What are you breathing?

On World Environment Day, let’s be inspired to become Earth warriors to combat the pollutants that are affecting the quality of air we breathe.

Updated - June 03, 2019 02:34 pm IST

Published - June 03, 2019 02:32 pm IST

 Illustration: Freepik

Illustration: Freepik

Take a deep breath in and breathe out slowly before you continue to read. According to the World Air Quality Report 2018, nine out of 10 people breathe polluted air. Statistically speaking, 91% of the world’s population lives in places where air quality exceeds WHO guideline limits. Among the top 30 most polluted cities, India makes up for 22.

Now, are you rethinking the deep breath you just took?

To bring about awareness on air pollution,the United Nations has dedicated this year’s World Environment Day to the theme of “Air pollution”.

World Environment Day, observed every year on June 05, is dedicated to “encouraging worldwide awareness and action to protect our environment.”

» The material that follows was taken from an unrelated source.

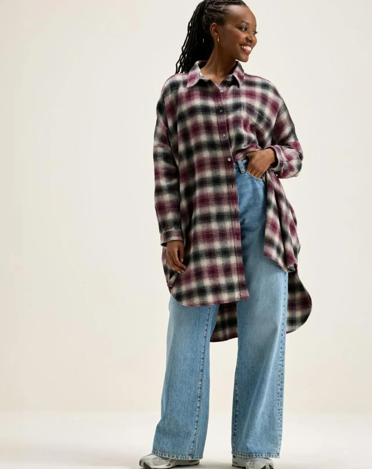 Robe chemise à manches longues, coupe oversize fabriquée en coton brossé à carreaux rouges, noirs et écrus

In keeping with its commitment to protect the environment, the UN launched ‘Greening the Blue’ initiative in 2010 to reduce its own carbon emissions by encouraging active participation from its staff members across the world.

Cause of concern

Air pollution and climate change are closely related. As our population increases, and we consume more and dump more waste, we are generating more greenhouse gases and air pollutants. This results in earth’s heat being trapped within the atmosphere, causing temperatures to rise, setting off a domino effect of rising sea levels, more extreme weather, poor yield of crops, and more.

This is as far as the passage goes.